Devil May Care: Campos Composes Heady Southern Gothic
For his fourth feature film The Devil All the Time, based on the 2011 novel by Donald Ray Pollock (who is on hand as a guiding omniscient narrator), director Antonio Campos aims for something more ambitious with a sprawling Southern Gothic saga, intersecting three distinct storylines spanning eight years infected by turbulent events. Southern Ohio and West Virginia become the backwoods foreground for a tale of violence, trauma, and virulent corruption from both the law and the pulpit with a dizzying set of connected characters.
Its existence as a two-and-a-half-hour narrative which is cohesive, compelling and at times repulsive is a feat, though there is enough material to justify an expansive mini-series. A formidable cast, all utilized effectively, is another near-impossible achievement, almost enough to overlook how Campos skirts the narrative away from its true lurid, nihilistic potential.

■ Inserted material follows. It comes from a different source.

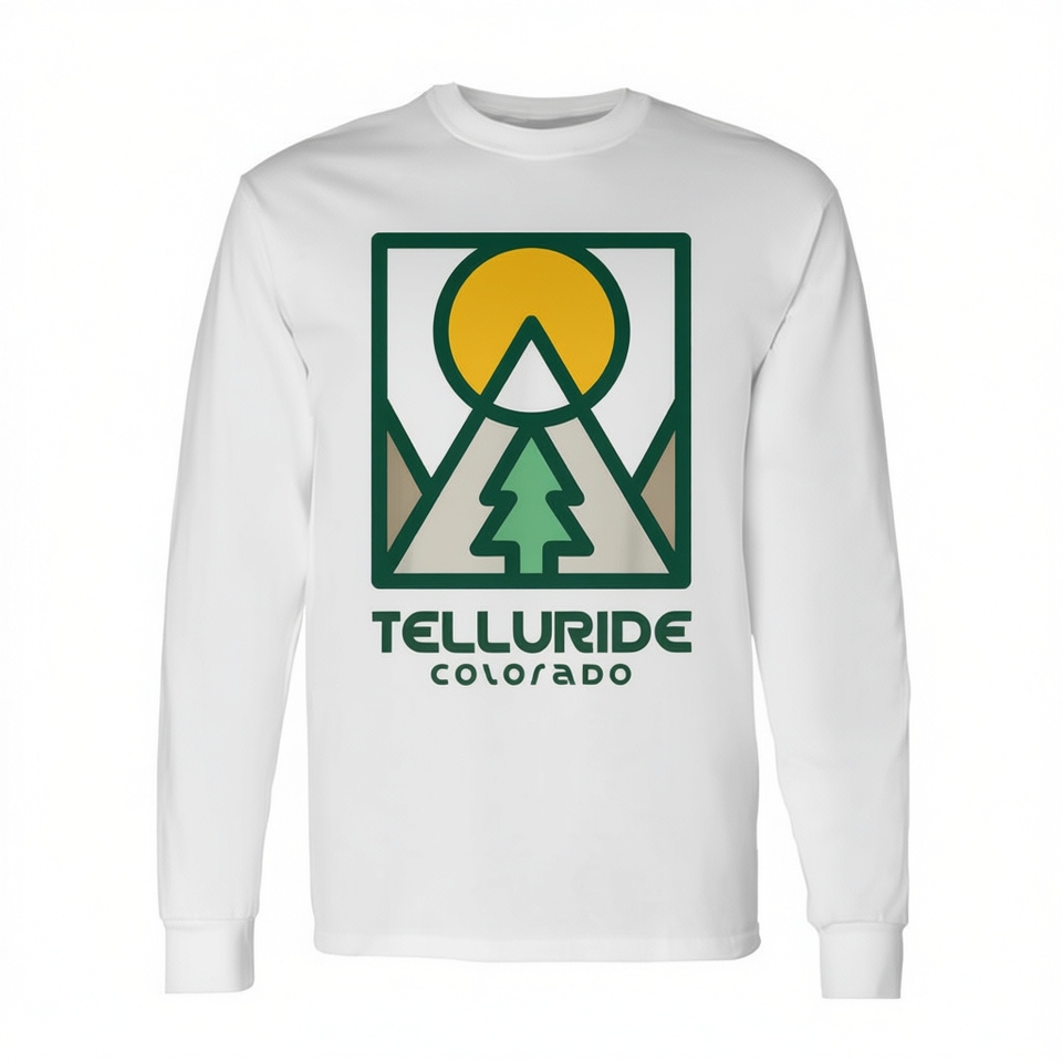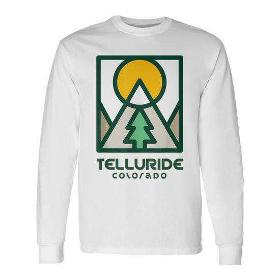 T-shirt a maniche lunghe Telluride Colorado con montagne di Telluride Colorado, idea regalo promozionale
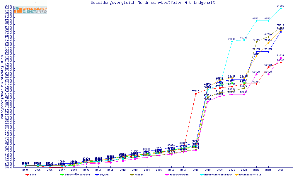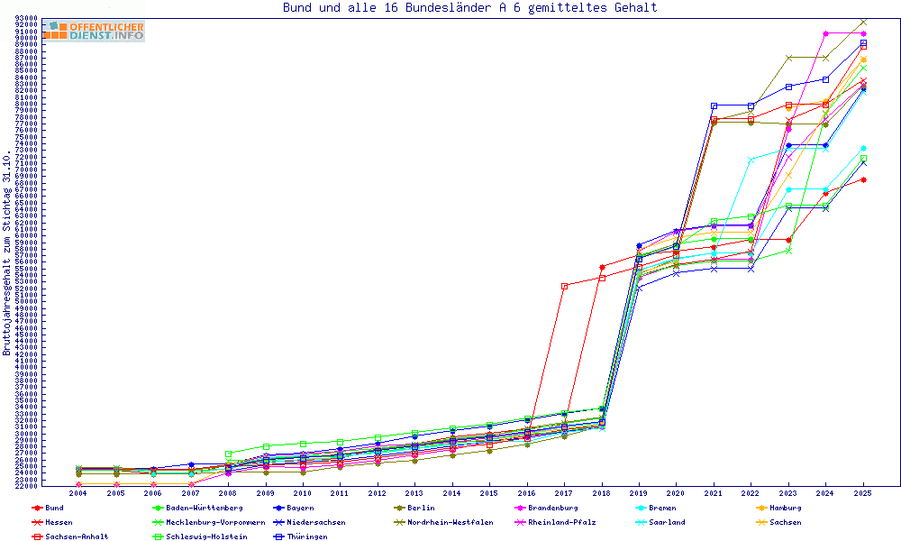 | Besoldungsvergleich A 6 im Jahr 2025 | gemitteltes Gehalt | ||||||

In the backwoods of 1957 Knockemstiff, Ohio, WWII veteran Willard (Bill Skarsgard) decides to settle down. Plagued by memories of the war, he meets his future wife Charlotte (Haley Bennett) in the local diner, which revitalizes his zest for life (and dependence on religion), though his mother had desired for him to marry the pious town orphan/pariah Helen (Mia Wasikowska). Sandy (Riley Keough), sister of local cop Lee Bodecker (Sebastian Stan), gunning to be elected as the town Sheriff, works alongside the kindly Charlotte. Sandy also meets her future husband Carl Henderson (Jason Clarke) in the same fashion. Life is initially tranquil. Willard and Charlotte have their son Arvin and buy a home, while Helen marries local revivalist preacher Roy Laferty (Harry Melling), giving birth to daughter Lenora. But cancer creeps into Charlotte’s body, and when a tragedy also befalls Helen, these twin ripple effects echo through time, poisoning the future. In 1965, when orphans Arvin (Tom Holland) and Lenora (Eliza Scanlan) have grown up together under his grandmother’s roof, the violence shrouding their lives returns when the Reverend Preston Teagardin (Robert Pattinson), a handsome charlatan, comes to town.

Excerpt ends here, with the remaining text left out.